*TASK INSTRUCTIONS:*
Every line of the listing below from the one with "On commence la" up to and including the one with "ФОТО 1 Желтая" should be retyped exactly, and nothing else; pictures are not part of the copy.

*SOURCE INFORMATION:*
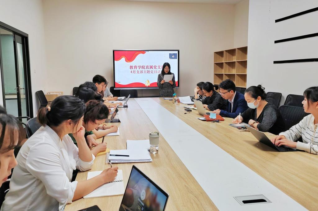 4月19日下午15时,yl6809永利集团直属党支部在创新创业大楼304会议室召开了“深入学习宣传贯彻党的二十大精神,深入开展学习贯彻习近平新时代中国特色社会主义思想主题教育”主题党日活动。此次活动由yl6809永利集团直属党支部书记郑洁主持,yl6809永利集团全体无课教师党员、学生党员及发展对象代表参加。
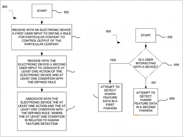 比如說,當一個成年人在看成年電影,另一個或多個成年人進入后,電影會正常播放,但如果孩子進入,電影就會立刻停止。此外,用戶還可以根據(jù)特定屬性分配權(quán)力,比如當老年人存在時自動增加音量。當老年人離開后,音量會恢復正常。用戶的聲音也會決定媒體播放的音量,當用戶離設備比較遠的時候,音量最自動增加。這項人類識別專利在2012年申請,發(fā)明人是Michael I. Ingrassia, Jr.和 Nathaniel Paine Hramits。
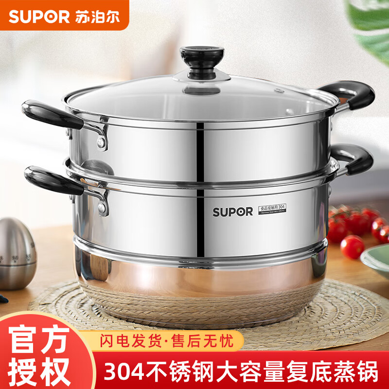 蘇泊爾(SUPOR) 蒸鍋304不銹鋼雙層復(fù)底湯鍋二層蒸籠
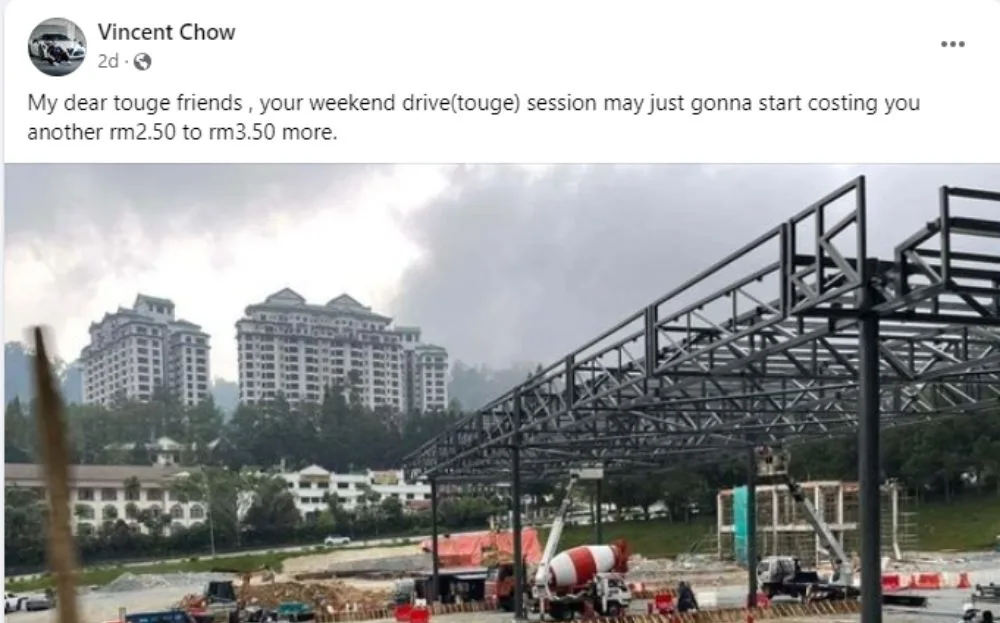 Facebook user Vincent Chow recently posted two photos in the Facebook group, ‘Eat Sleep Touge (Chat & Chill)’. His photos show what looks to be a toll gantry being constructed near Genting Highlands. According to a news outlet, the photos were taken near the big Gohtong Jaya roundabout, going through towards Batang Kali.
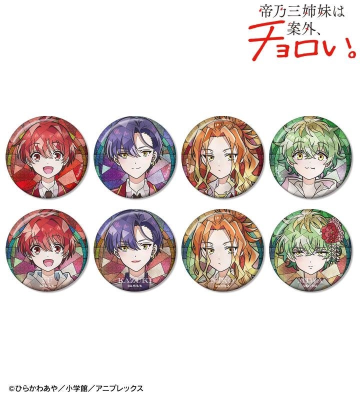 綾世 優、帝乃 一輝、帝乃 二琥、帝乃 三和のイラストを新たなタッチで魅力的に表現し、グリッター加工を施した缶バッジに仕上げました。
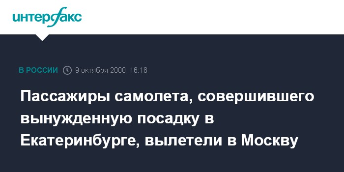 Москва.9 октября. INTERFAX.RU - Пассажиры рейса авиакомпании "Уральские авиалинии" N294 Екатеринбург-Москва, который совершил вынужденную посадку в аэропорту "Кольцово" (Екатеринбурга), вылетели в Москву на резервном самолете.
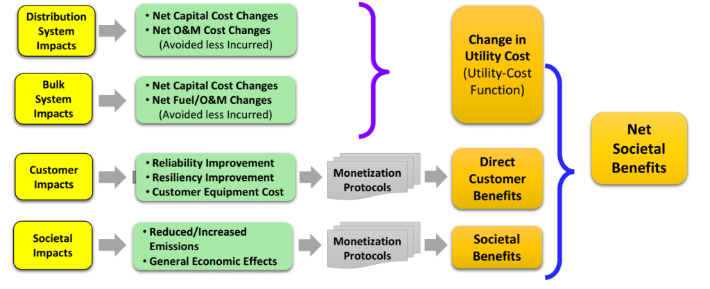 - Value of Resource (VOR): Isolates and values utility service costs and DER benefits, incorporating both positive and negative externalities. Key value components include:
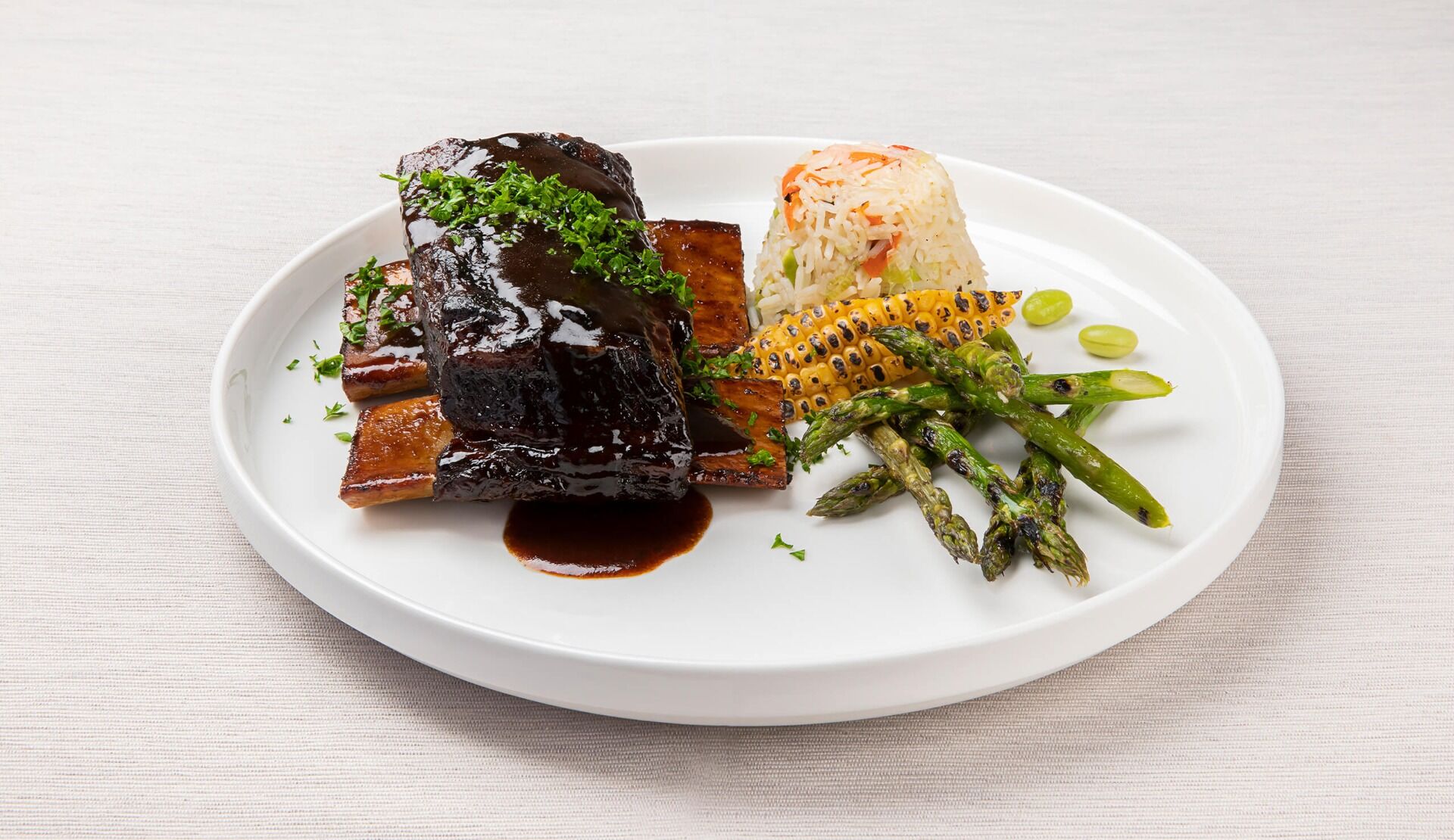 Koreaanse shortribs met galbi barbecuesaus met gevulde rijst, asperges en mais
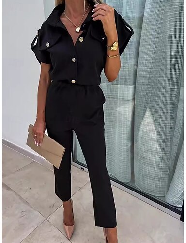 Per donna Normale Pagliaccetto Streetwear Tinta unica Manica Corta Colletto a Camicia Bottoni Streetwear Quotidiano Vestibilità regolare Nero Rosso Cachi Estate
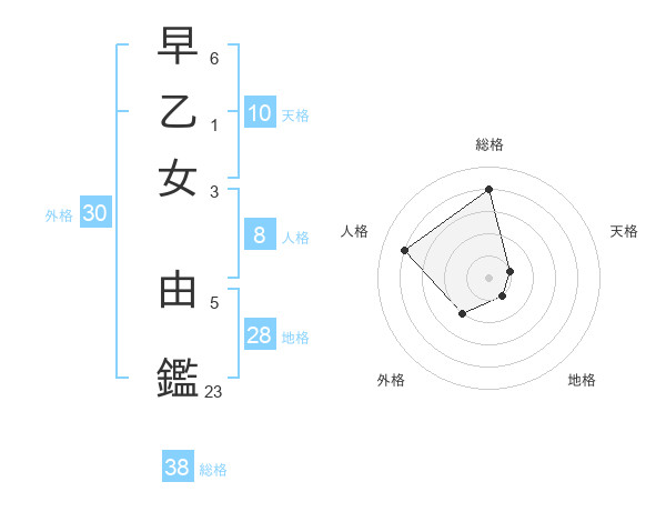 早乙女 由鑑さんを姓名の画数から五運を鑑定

...

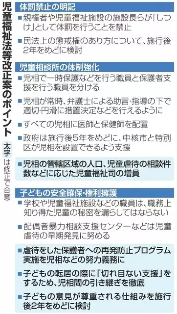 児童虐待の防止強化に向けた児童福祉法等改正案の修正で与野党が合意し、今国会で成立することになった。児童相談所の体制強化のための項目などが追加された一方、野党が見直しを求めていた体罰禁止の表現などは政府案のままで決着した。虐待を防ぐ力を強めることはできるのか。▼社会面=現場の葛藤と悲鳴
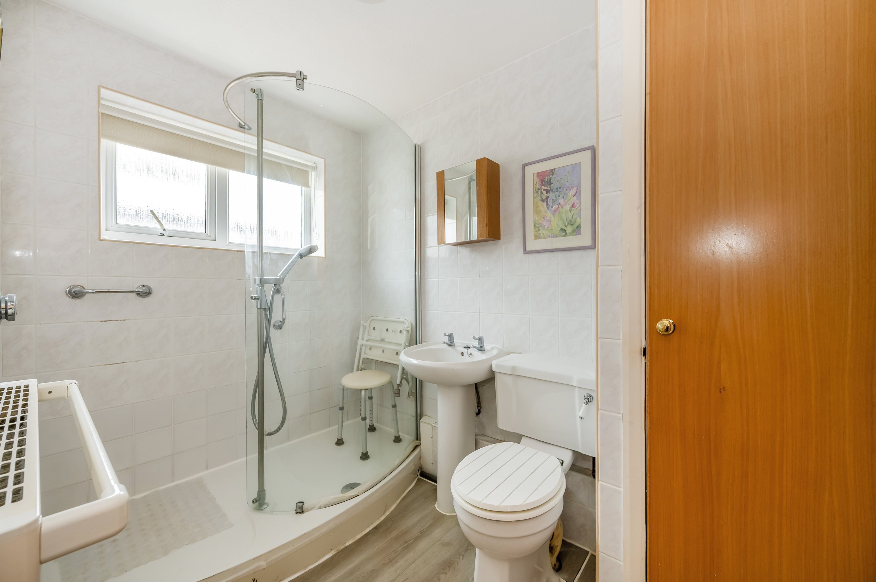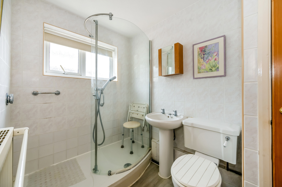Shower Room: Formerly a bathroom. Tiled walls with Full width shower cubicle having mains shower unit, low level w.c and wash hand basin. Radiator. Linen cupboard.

==

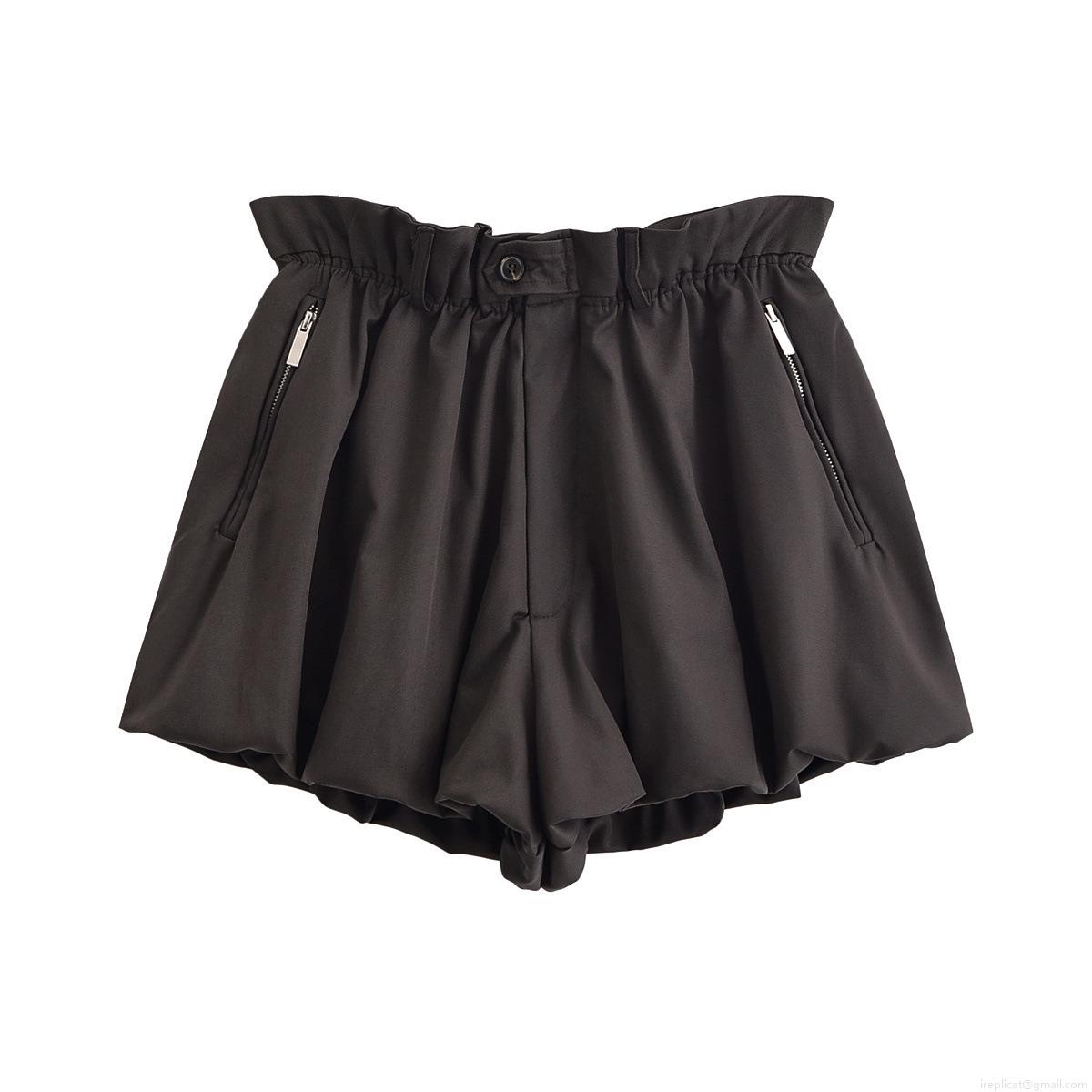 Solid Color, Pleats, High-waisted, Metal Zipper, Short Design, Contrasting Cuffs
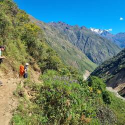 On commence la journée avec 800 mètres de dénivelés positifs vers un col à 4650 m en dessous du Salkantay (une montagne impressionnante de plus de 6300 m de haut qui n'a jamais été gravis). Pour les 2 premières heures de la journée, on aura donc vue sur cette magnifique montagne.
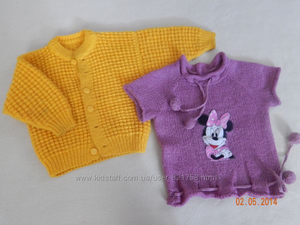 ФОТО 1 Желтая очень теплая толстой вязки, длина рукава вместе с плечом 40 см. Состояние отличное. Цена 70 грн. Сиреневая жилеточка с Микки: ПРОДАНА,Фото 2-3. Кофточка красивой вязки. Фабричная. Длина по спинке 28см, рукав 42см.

*ANSWER SPACE:*
 On commence la journée avec 800 mètres de dénivelés positifs vers un col à 4650 m en dessous du Salkantay (une montagne impressionnante de plus de 6300 m de haut qui n'a jamais été gravis). Pour les 2 premières heures de la journée, on aura donc vue sur cette magnifique montagne.
 ФОТО 1 Желтая очень теплая толстой вязки, длина рукава вместе с плечом 40 см. Состояние отличное. Цена 70 грн. Сиреневая жилеточка с Микки: ПРОДАНА,Фото 2-3. Кофточка красивой вязки. Фабричная. Длина по спинке 28см, рукав 42см.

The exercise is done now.